La géopolitique après 2012 risque d’être très disputée, sans qu’on puisse évaluer l’impact des prochaines élections. Chaque membre du quartet aura des questions à régler. Pour les Etats-Unis, il faudra gérer les désordres financiers, la dette et surtout la manière d’achever les deux missions en Irak et en Afghanistan, alors que le Moyen Orient restera aussi instable, sinon plus, avec l’Iran et surtout, la question palestinienne avec un Israël qui devra choisir entre un avenir pacifié fondé sur la prospérité économique ou la poursuite de la raison cachée depuis des décennies, être en guerre permanente. L’Europe avec la France est quand même la première puissance économique mais attention au trompe-l’œil des chiffres car cette Europe risque bien d’être un maillon faible au vu de sa dépendance en ressources naturelles, comme le Japon du reste. Et compte-tenu de la crise des dettes publique, de la désindustrialisation (malgré les efforts de l’Allemagne), de la croissance des NPI, un scénario à la japonaise n’est pas à exclure pour la zone euro. Quant à la Russie, elle semble renouer avec un lustre passé dont elle a toujours rêvé et pour l’instant, malgré les graves problèmes sociaux qu’elle connaît, elle sait qu’elle a une carte à jouer sur le devant de la scène économique mais aussi comme puissance régionale dotée d’une influence étendue sur des voisins eux aussi bien dotés en ressources naturelles.
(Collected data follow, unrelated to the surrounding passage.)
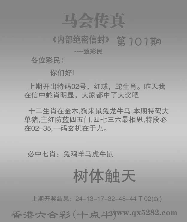 温馨提醒:论坛多说交流平台本着为彩民互动交流,但近段时间最近站长收到不少彩民投诉,不法份子借着多说交流平台,冒充高手将彩民骗进群里实行收费诈骗,请还没被骗的彩民谨慎,如果非要给骗子机会,本站皆不负责! 请大家多多支持香港六合彩(十点半)www.qx5282.com
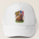 Amerikanisches Buffalo Bison im orangen und schwarzen Text. Ein amerikanischer Bison-Büffel auf Gras weidet mit der amerikanischen Fahne im Hintergrund.
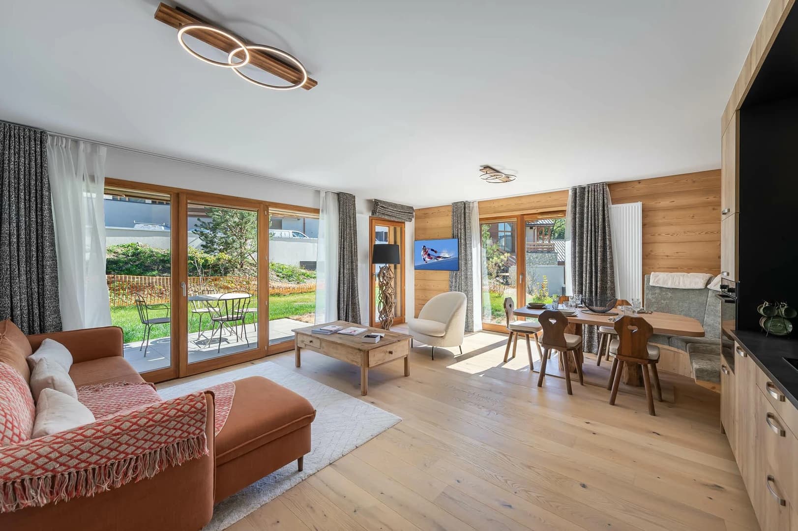 The apartment features tasteful decor and a soothing atmosphere, offering a cozy double bedroom and a spacious children's room with four single beds. It has a separate bathroom and an open-plan living space, accommodating up to six guests (four adults and two children). The living room, filled with natural light, includes a TV corner ideal for relaxing after a day of skiing or exploring in the summer. This area opens directly onto a terrace, allowing guests to enjoy the fresh mountain air in a serene setting.
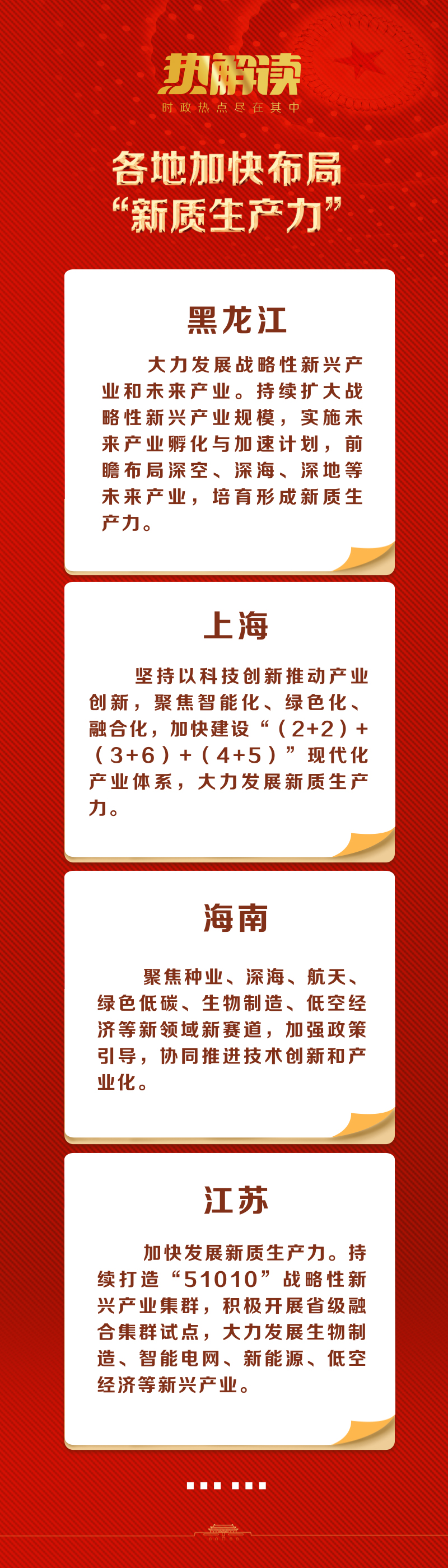 加快發(fā)展新質(zhì)生產(chǎn)力已成為2024年推進(jìn)經(jīng)濟(jì)社會高質(zhì)量發(fā)展的主旋律。各地?fù)屪C(jī)遇,紛紛布局。在各省區(qū)市2024年政府工作報告中,多地將加快培育新質(zhì)生產(chǎn)力列為重點工作任務(wù)。
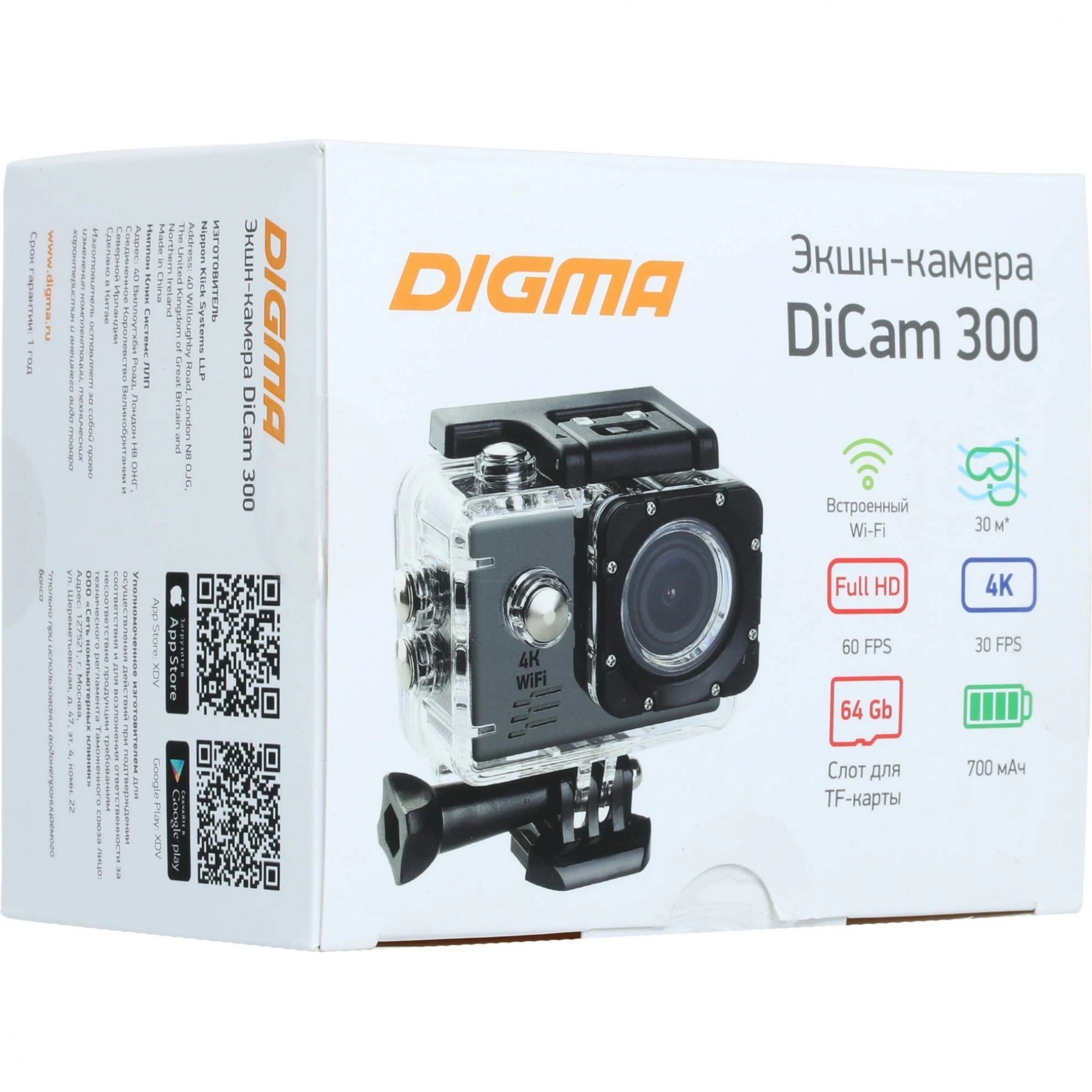 Экшн-камера Digma DC300 станет прекрасной спутницей для тех, кто отдает предпочтение активному отдыху. Максимальное разрешение видеозаписи составляет 30 кадров/с при разрешении 4K, поэтому ваши ролики будут получаться невероятно четкими, контрастными и яркими. А возможность записи звука сделает видео еще более реалистичным и захватывающим. Можете не волноваться, что в экшн-камере Digma DC300 в самый важный момент закончится место для видеозаписи, ведь в ней предусмотрена поддержка карт памяти до 64 Гб.
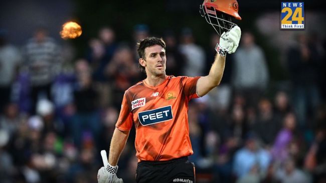 Mitchell Marsh Century: टी-20 वर्ल्ड कप 2026 से पहले मिचेल मार्श गजब की फॉर्म में लौट चुके हैं. बिग बैश लीग में मार्श ने अपनी तूफानी बल्लेबाजी से जमकर महफिल लूटी है. पर्थ स्कॉचर्स की ओर से खेलते हुए मार्श ने ताबड़तोड़ अंदाज में बैटिंग करते हुए सिर्फ 55 गेंदों में शतक जमाया.
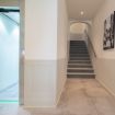 Please note that there are three steps connecting the landing, where the elevator stops, to the apartment's main level.
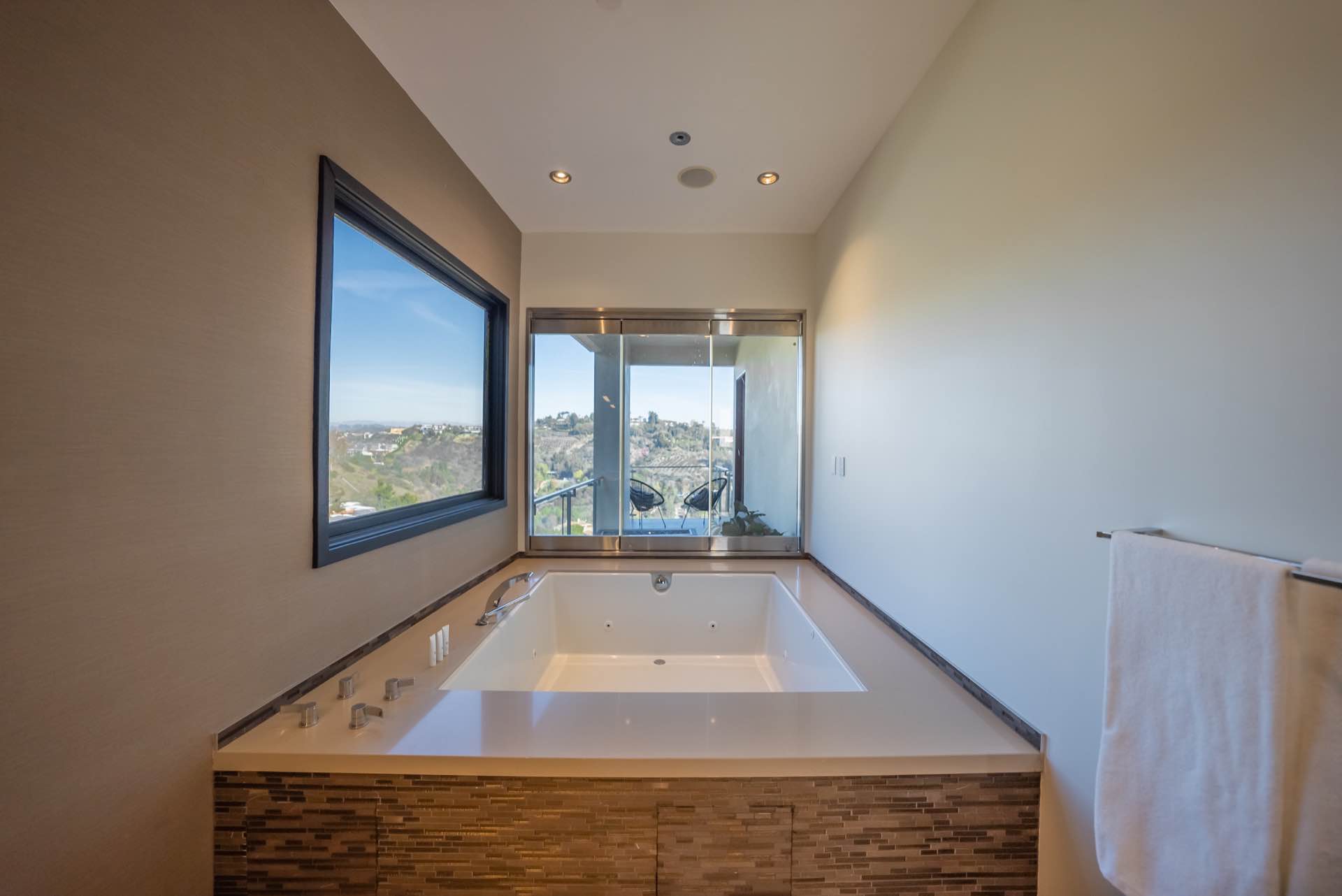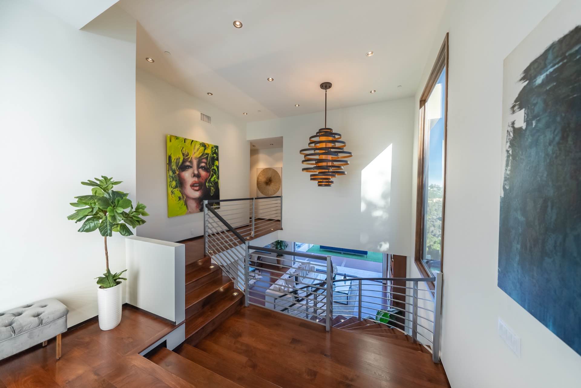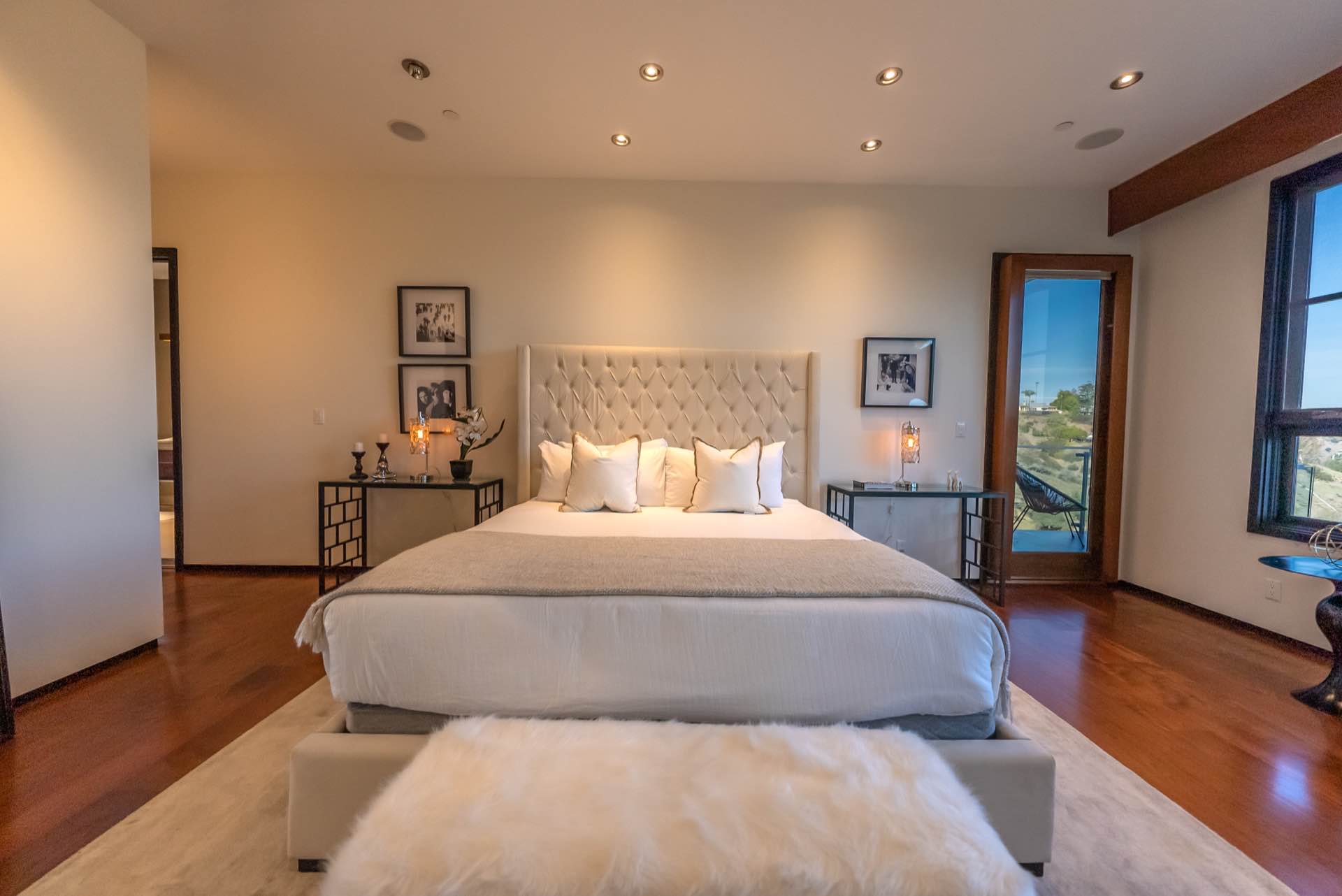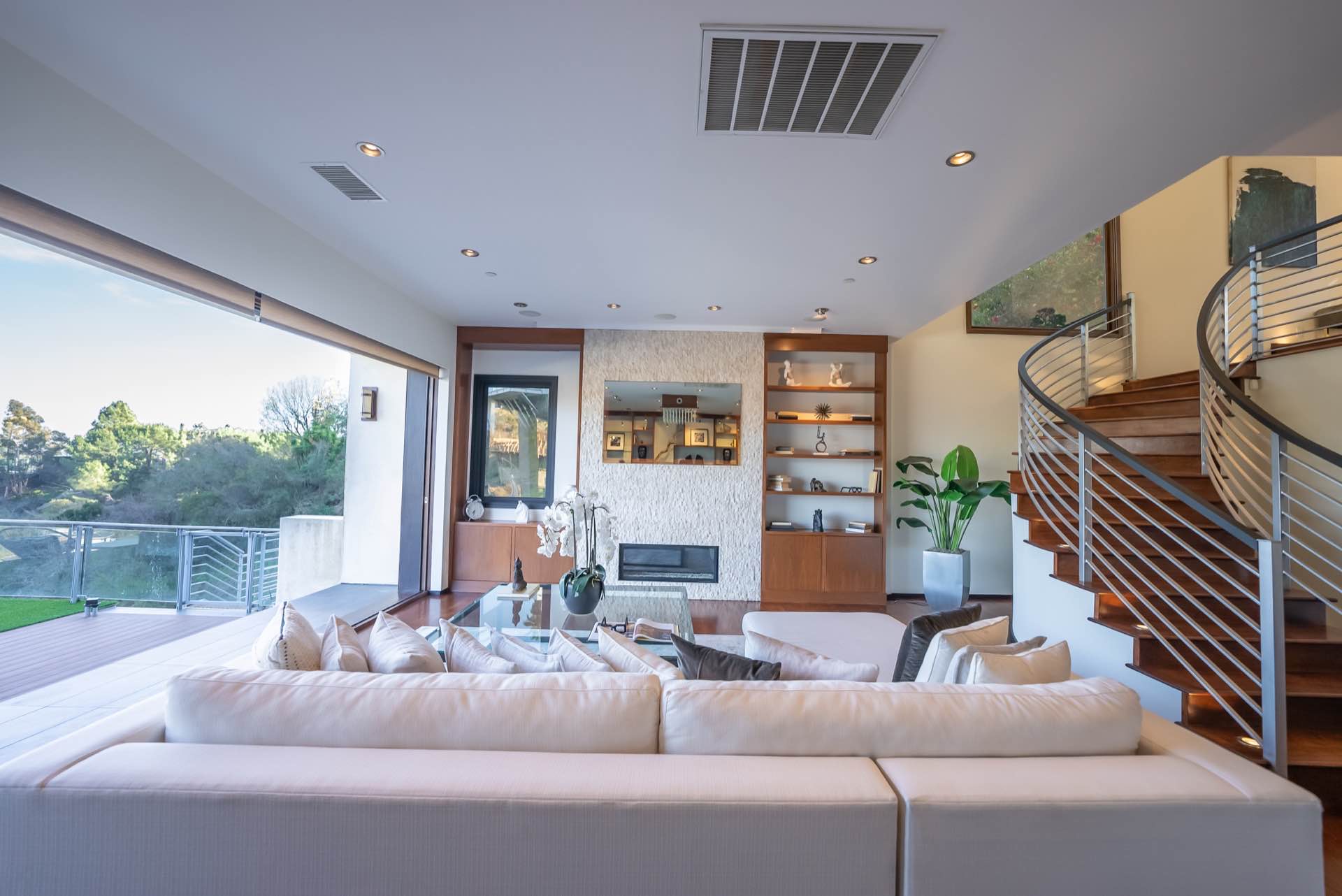 The sweeping staircase leads to a five star master with a massive walk-in closet, spa-like master bath, and a private outdoor lounge with fire-pit. Three other en-suite bedrooms are also upstairs.

Elle s’est constituée la troisième réserve de changes.
Ces quatre pays dont le gouvernement sera institué lors du second semestre 2012 ont donc en commun la puissance militaire, économique (comptons la France avec l’Europe), mais aussi une série de problèmes internes pouvant générer des tensions sociales car, que ces pays soient en forte croissance ou en léger déclin, les inégalités s’accroissent. Et aussi les ressources vont s’amenuiser, réduisant de ce fait les leviers de l’économie. D’où le danger de retour des nationalismes et de funestes jeux géopolitiques pouvant conduire à des tensions sur la planète, voire des conflits et on sait que la guerre est parfois utilisée comme dernier ressort comme exutoire destiné à détourner l’opinion publique de la crise interne au profit d’un ennemi désigné dont le rôle est d’être la cible de la colère populaire ou alors une menace permettant de colmater les colères entre classes sociales.
2012 sera donc une année riche en événements politiques, avec la possibilité d’être déterminante dans le destin du monde au cours de cette décennie 2010 qui s’avère être celle de tous les dangers, comme le fut celle de 1940. Il faudra suivre de près ces événements sur lesquels nous n’avons aucune prise au niveau individuel mais qui sait, avec le Net et la diffusion d’une pensée citoyenne d’inspiration universaliste, susceptible de barrer la voie aux tendances nationalistes et autoritaristes. Nos analystes de terroir franco-français nous gonflent avec cette présidentielle de 2012 qu’ils considèrent comme une course de chevaux, misant sur les poulains et pouliches, glosant sur les sondages, alors qu’un destin planétaire se joue et qu’il faudra une prise de conscience planétaire pour éviter un conflit tout aussi planétaire au vu des évolutions possibles.